Years ago, when we made the commitment to focus Out of Hand's work on social justice and community partnerships and all but stop producing traditional theater, it seemed clear this meant giving up on winning awards or increasing our budget. Most of our programs, including Equitable Dinners, are free to the public, and organizations like Atlanta's Suzi Bass Theatre Awards probably don't know what to make of shows in people's homes paired with conversation about social justice. But an amazing thing happened: Decatur Dinners was covered by NPR's All Things Considered, Equitable Dinners received a glowing review in American Theatre Magazine, and we appeared in The New York Times four times in 2020, including winning The New York Times Best Theater of 2020. What's more, when we reached out to Atlanta companies and schools asking them to sponsor the Dinners or share our events with their communities, they started asking if they could hire us. Equitable Dinners at Work was born, providing custom breakfast and lunch programs on Zoom for organizations including BlackRock, Coca-Cola, Emory, Hands On Atlanta, and United Way, and helping to double our annual budget during the pandemic. The call for more, in-depth training for our facilitators and clients also resulted in the creation of our Institute for Equity Activism, six full days of training over months on Appreciative Inquiry, Cultural Competency, Race Equity, Art as Social Justice Activator, and Transformational Facilitation.

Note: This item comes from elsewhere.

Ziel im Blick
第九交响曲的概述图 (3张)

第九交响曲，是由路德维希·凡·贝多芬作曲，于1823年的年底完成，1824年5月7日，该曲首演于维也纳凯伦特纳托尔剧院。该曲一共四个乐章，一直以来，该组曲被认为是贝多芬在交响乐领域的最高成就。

We couldn't have done all of this without the support of South Arts. We were able to leverage South Arts' Cross Sector Impact Grant and a sponsorship from Mailchimp to raise the funds for the first 18 months of Equitable Dinners online. The idea of cross sector impact is at the very heart of our work: Out of Hand works at the intersection of art, social justice, and community engagement, and for us, this means designing and implementing all of our programs with community partners. We use our skills as artists to serve our partners' goals, and our programs almost always contain our special recipe of information to open minds, art to open hearts and put a human face on data and statistics, and conversation to process information and emotions and make a plan for action.

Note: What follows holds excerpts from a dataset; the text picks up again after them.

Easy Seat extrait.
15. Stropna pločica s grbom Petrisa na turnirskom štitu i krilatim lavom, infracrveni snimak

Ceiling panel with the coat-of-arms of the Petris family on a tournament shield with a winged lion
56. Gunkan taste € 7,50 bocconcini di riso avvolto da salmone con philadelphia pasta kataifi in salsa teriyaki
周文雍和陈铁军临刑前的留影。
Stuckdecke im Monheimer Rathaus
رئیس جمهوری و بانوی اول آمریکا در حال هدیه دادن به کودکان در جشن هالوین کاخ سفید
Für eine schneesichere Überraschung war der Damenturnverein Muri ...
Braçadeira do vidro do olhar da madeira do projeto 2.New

We are still planning to gather 5,000 people for potluck dinners in Atlanta homes when it's safe to do so. Our goal is still to assemble a critical mass of Atlanta residents in one big event to support a cultural shift toward anti-racism. We miss the magic of breaking bread with strangers, the automatic boost in respect, empathy, and dignity that comes with being a host or a guest in someone's home; the reason we designed these events as dinners in the first place. But we also recognize that if things had gone as planned, we would never have reached such a broad array of people or grown our programs so spectacularly. Equitable Dinners, Equitable Dinners at Work and the Institute for Equity Activism will probably provide some programming online from now one, and this brave new world will permit us to reach more people in more places, with social justice-driven programs combining information and small-group conversation, driven by the empathy-building power of art.